Southern Virginia University announced this week that students can soon receive credit for religious and military service and caregiving.
For students who are full-time parents or returned missionaries, this means they are a few steps closer to graduation.
SVU President Aaron Hale told the Deseret News the program will enable students to “graduate sooner, spend less and just get on to the life that the Lord has prepared for them.”
In a press release, the university said the Credit for Recognized Experience, Service, or Training (Knight’s CREST) program will begin in the 2026-27 academic year. Eligible students can earn up to 24 credits for religious service — 12 credits for service and 12 credits for language — and up to 42 credits for military training and experience.
The credit applies to:
- Formal programs through church or religion
- Humanitarian work
- Military service
- Peace Corps
- AmeriCorps
- Informal experience as a primary parent or caregiver
Hale said this program allows the university to recognize the considerable work and effort that goes into missionary, military, family and other service. Southern Virginia University is a private institution of higher education aligned with The Church of Jesus Christ of Latter-day Saints, so many of its students are returned missionaries.
Hale said returned missionaries shouldn’t be treated like freshmen.
“Most colleges … treat them like 18-year-olds straight out of high school, even though they’ve had two years of working 60-hour workweeks and leading in districts and zones and teaching and having all these cultural experiences,” he said. “So we want to recognize them for that service and for the experience that they’ve gained through that.”
The response from students has been “fantastic,” according to Hale. One SVU student learned the program would allow him to graduate a whole year earlier than planned, so he’ll head to law school next year.
“For a returned missionary who served internationally or speaks a different language, those 24 credits represent essentially a year of their college wiped out,” Hale said. “So they can graduate in three years instead of four.”
Those who apply for credits as full-time parents or caregivers record their experience using the NACE Career Readiness Competencies,
“They can document in self-development, communication, critical thinking, understanding of cultures, professionalism, digital literacy, leadership, teamwork — all different areas that are already part of the accredited standards and that most colleges can and do recognize,” Hale said.
‘A moment of real reckoning’
SVU’s credit program comes during a transformative era for higher education.
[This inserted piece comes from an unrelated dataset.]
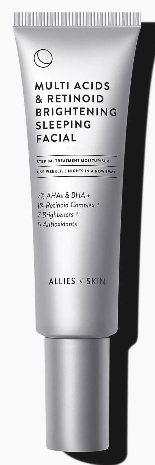 Нічний мультикислотний пілінг запускає процеси оновлення, зменшує видимість пор та розгладжує рельєф. Вранці шкіра стає гладкою і сяє без слідів стресу та втоми. Пілінг ефективно покращує зовнішній вигляд шкіри, відлущує ороговілі клітини, робить шкіру гладкою та бархатистою. Пом'якшує сухі ділянки, підвищує рівень зволоженості, усуває зневоднення. Освітлює небажану пігментацію та постакне, вирівнює тон обличчя та надає шкірі здорового сяйва. Головним інгредієнтом пілінгу, що діє, є комплекс кислот (7%): Гліколева кислота видобувається з винограду та цукрової тростини. Дбайливо відлущує ороговілий шар, вирівнюючи рельєф обличчя і покращуючи тон. Стимулює вироблення колагену, підвищує щільність та пружність шкіри. Молочна кислота м'яко відлущує ороговілий шар епідермісу, стимулює процеси загоєння та оновлення, та сприяє синтезу керамідів.Розгладжує мікрорельєф, покращує колір обличчя, зменшує розміри пор та загоює. Саліцилова кислота відлущує ороговілі клітини шкіри, стимулює клітинне оновлення, надає антимікробну дію, нормалізує pH шкіри та роботу сальних залоз, покращує колір обличчя. Пілінг має легку гелеву текстуру. Не містить ефірних олій, силіконів, сульфатів, спирту, синтетичних барвників та ароматизаторів. Чи не тестується на тварин. Після очищення і тонізування шкіри нанести 3-6 доз засобу. Уникайте області навколо очей. Чи не змивати. Використовуйте 2-3 ночі поспіль. Чи не для повсякденного використання. Попередження про сонячні опіки: цей продукт містить альфа-гідроксикислоту (AHA), яка може підвищити чутливість шкіри до сонця і, зокрема, підвищити ймовірність сонячних опіків. Використовуйте сонцезахисний крем.

Several universities, including the University of Utah, have begun to offer similar service credits. Others, including Weber State and Utah Valley University, have proposed accelerated, 3-year bachelor’s programs.
“Higher education is in a moment of real reckoning,” Hale said. “Costs, debt, time to degree are all weighing on families.”
At the same time, SVU emphasizes the teachings of the Church of Jesus Christ, which encourages education and preparation for the future.
“So what we’re really trying to do is to bring both of those aspects together to make it easier, not harder, for faithful young people to launch into a meaningful life and career,” Hale said.
He added that in the past few years of educational upheaval, the liberal arts have somewhat gone out of favor. But in the age of artificial intelligence, a liberal arts background adds value to personal and professional lives.
“We’re teaching students how to discern truth and how to ask the right questions and craft responses,” Hale said. “They can oversee AI and manage the results of AI without being automated away by it.”